Господи, это будет тяжело, но так и должно быть, когда речь идёт о Рисе. Он заслуживает этого в полной мере.
На диване лежала куча коробочек с компакт-дисками. Чуть раньше они слушали музыку. Она просмотрела коллекцию Джеймса. Помимо классных групп типа «Torn Curtain» и «The Buttons», здесь была всякая ерунда вроде «Boulder» и «Foreign Hazard», которые Джеймс, вероятно, купил в подростковом возрасте, когда среди его друзей был в моде металл и прогрессивный рок. У неё появилось забавное ощущение, что Рис до сих пор любит «Boulder». Она видела у него несколько их песен среди треков «Genesis», «The Rush» и Джерри Голдсмита. Как, чёрт возьми, она могла провести столько времени с человеком, который однажды предположил, что «Тема Дарта Вейдера» будет отличной альтернативной свадебному маршу?
Бедняжка — добрый, милый щенок. Ей будет трудно сделать это.
— Не спится?
Она оглянулась. Джеймс улыбнулся ей и подавил зевок.

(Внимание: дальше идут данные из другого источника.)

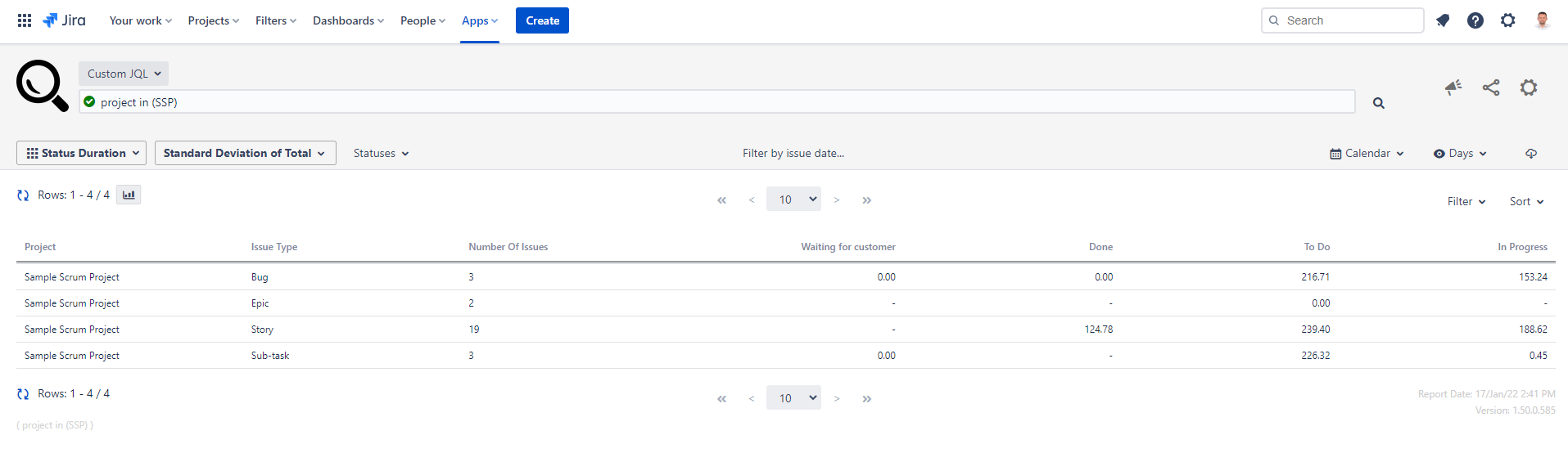 For Aggregate Reports (Average, Sum, Median, Standard Deviation), you can drill-down on each row and see the details of issues that make up that aggregate row. See Drill Down page for details.
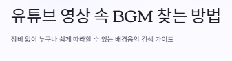 유튜브 영상을 시청하다 보면 영상의 분위기를 살려주는 매력적인 배경음악(BGM)을 만날 때가 있습니다. 하지만 영상 설명란에 정보가 없어 답답했던 경험이 있으실 겁니다. 오늘은 별도의 장비 없이도 누구나 쉽게 실행할 수 있는 유튜브 영상속 배경음악 브금 bgm 찾기 방법을 단계별로 소개해 드립니다.
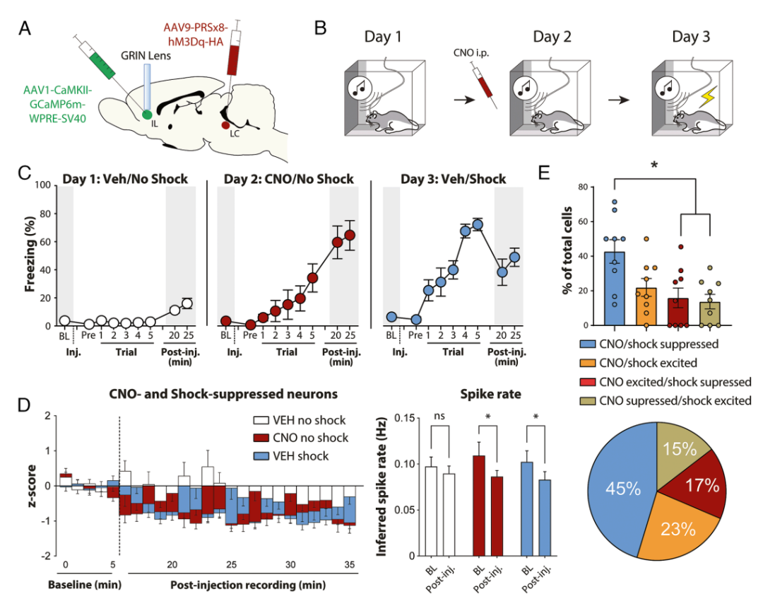 他们对比了蓝斑激活和足底电击(经典应激源)的效果,结果显示,两者都让大鼠产生强烈的恐惧僵直行为;两者都抑制了vmPFC的神经活动;大部分vmPFC神经元对两种刺激的反应一致,均表现为放电减少。
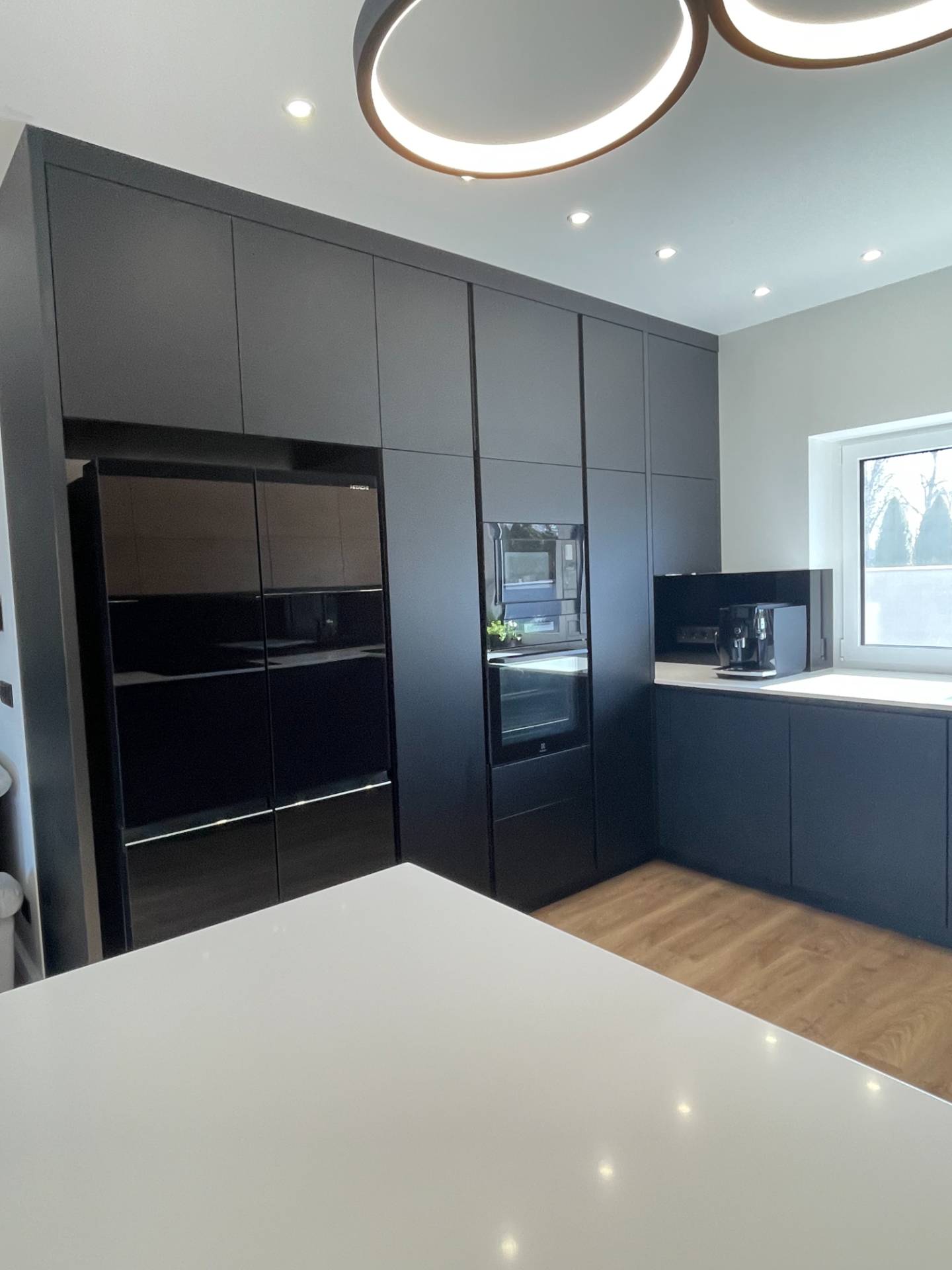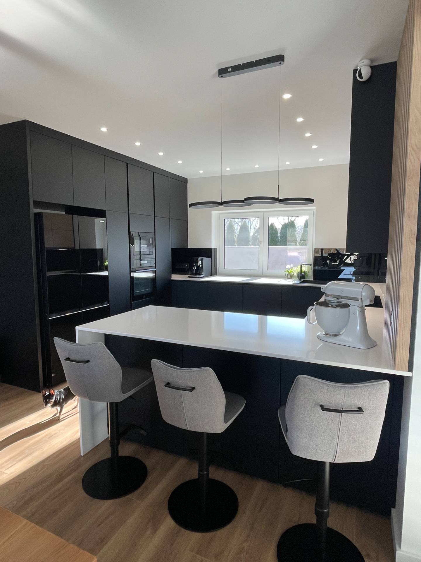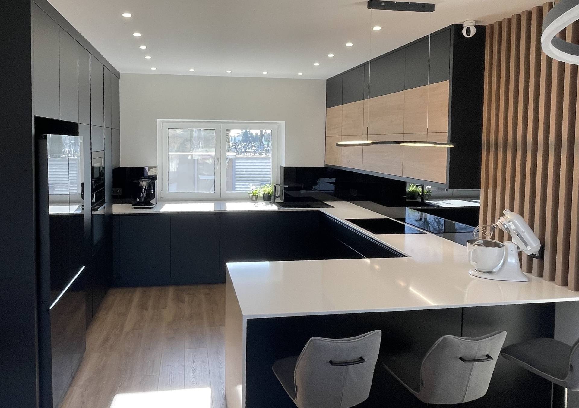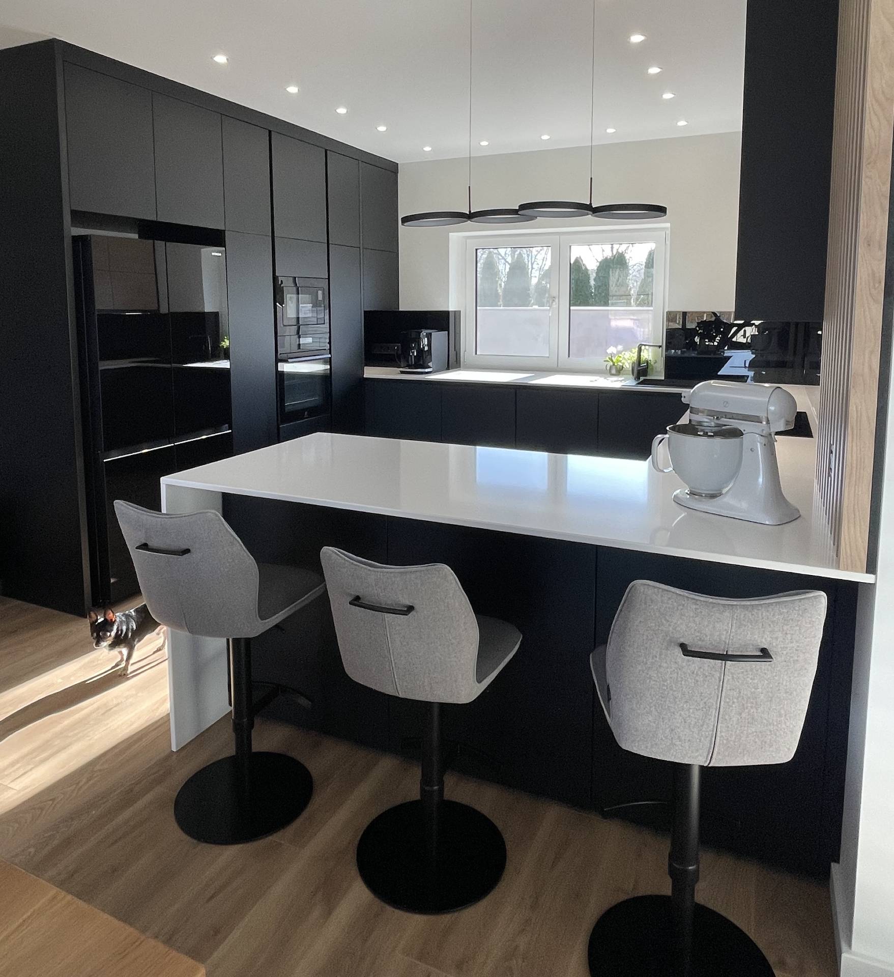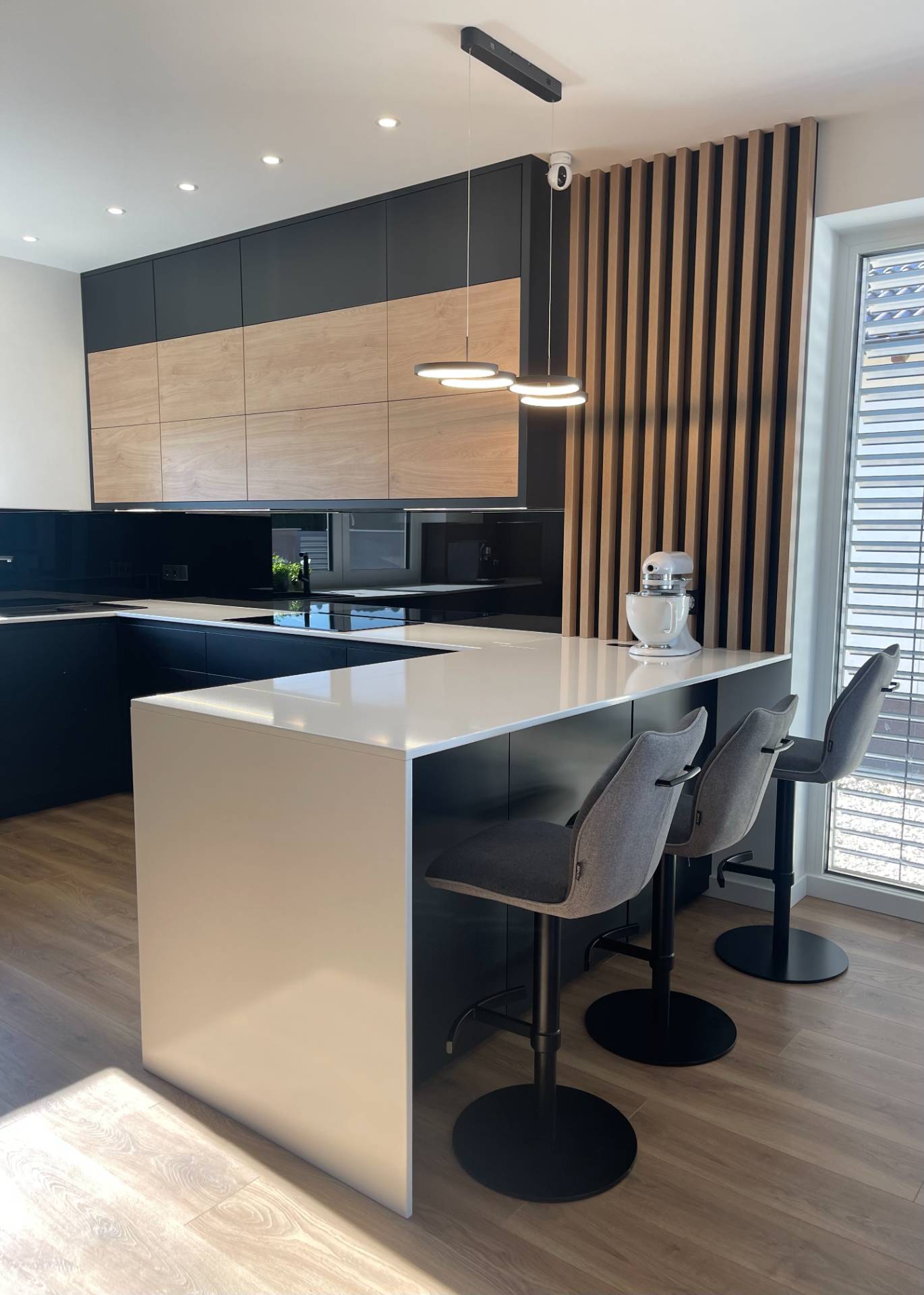 A modern minimál stílus jegyében készült projektünkben a matt fekete frontok és a sötét kőhatású munkalapok dominálnak. A SIHO Design által tervezett konyhabútor különlegessége a mennyezetig érő beépítés és a konyhaszigetbe integrált étkezőpult. Precíz asztalosmunka, ahol a sötét tónusok luxus életérzést és letisztult harmóniát teremtenek.

— Нет, прости, — сказала Гвен. Она посмотрела на него и подняла брови.
— Что?
— То, как ты выглядишь, моя мама обычно называет «очень голый», — сказала она.
— Ты тоже такая.
Гвен вдруг смутилась.
— Всё в порядке, — сказал Джеймс.
— Я знаю. Я просто не помню, когда я в последний раз расхаживала дома голой.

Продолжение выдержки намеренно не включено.